Excel/Word/Mail Merge question

I have an Excel (I’m running Excel 2002, if that matters) spreadsheet with names and addresses and I need to print envelopes from them. Here’s the catch.

Each address takes up two rows. It looks like this:

1 Street Address
2 City, State Zip

Like this:
A B
1 Street Address
2 City, State Zip Name

The recipient’s name is in a separate column, in the same row as City, State Zip.

I had planned on using Word to create a mail merge document and then just run the merge. Of course, Word thinks that each row is a separate record. So I need to either:

  1. Merge pairs of rows preferably as a batch; or
  2. Figure out a way to get Word to treat two records as one recipient.

It seems like this should be easy, but it’s not happening for me. Can anyone help?

Did you set up your spreadsheet with each column holding a unique piece of data such as this:

FirstName | LastName | Street | City | State | Zip

Each row of data makes up one record.

With Word, your form should look like this:

<FirstName> <LastName>
<Street>
<City>, <State> <Zip>
Lost? The Help function in Word is pretty good.

How many names do you have? You should edit the spreadsheet so that the city/state/ZIP is in another column.

I mean by using a formula, not by retyping anything.

There is no way to tell Word to treat 2 Excel rows as one record.

You have to reformat the spreadsheet so that each row is an individual record. It shouldn’t be too hard, though. Use lots of “=” formulas.

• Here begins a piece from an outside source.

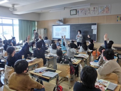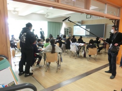 5-2の教室には、NHKの取材が入っています。映像教材を使って授業をしている様子を撮影していました。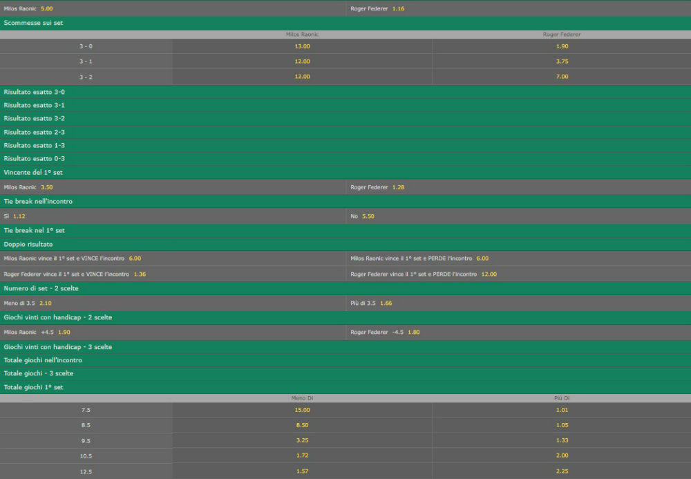 I quarti di finale maschili: le quote dettagliate

I didn’t create it. I inherited it. Had I set it up, I would have done it the way you indicate.

600 names.

PERL is your friend.

I do this kind of crap for a living. If you want to send it to me, I can fix it for you. It will take about 5 minutes. E-mail is in my profile.

Hey, thanks.

He wasn’t kidding. It is done. :smiley:

Mods, you may lock this thread.

Thanks Shagnasty.

Shagnasty, out of curiousity, how did you do it? I would probably have done =concatenate and then do a text-to-columns. Am wondering if there’s a quicker way for that many names. (I have quicker ways for just a few names for 600 it would be too much work.)

yes, Shag, can you share, please?

The parts of the address were on two different rows. I simply went to the cells next to the part that was already entered and pulled in the parts in the right order.

I am making this up from memory. The address is in column A, B, and C but A is down one row from B, and C. I just went to the cells next to it and entered:

(d2) =A3
(e2) = b2
(f2) = c2

I filled that down all the way. That will create half the cells that are correct and the other half that are just crap parts from the way the data is set up.

Highlight all the new cells with formulas, select Copy, and then Paste Special - Values. This turns the cells into text rather than the results of formulas. This is necessary for the next steps.

I was curious what it would take to seperate the bad half from the good half. A simple sort on a junk data cell took care of that easy as pie. The good addresses came to the top.

Manually delete the garbage cells and you’re done. Total Time: 4 minutes.

I just looked at the OP again and my cell references that I just listed are different than they really were.

The technique is exactly the same tough.

  1. Just get the data into other cells in the right order.
  2. Fill all the formulas down.
  3. Turn it to text instead of formulas.
  4. Figure out a way to identify the good and the bad. Some type of sort usually works.
  5. Delete the bad stuff.

I have to do this type of thing all the time. It is quite useful.

That’s the other way I thought of doing it.

Isn’t Excel fun? I love it. And I’m not even an accountant!

Obviously, Shagnasty excels at this sort of thing.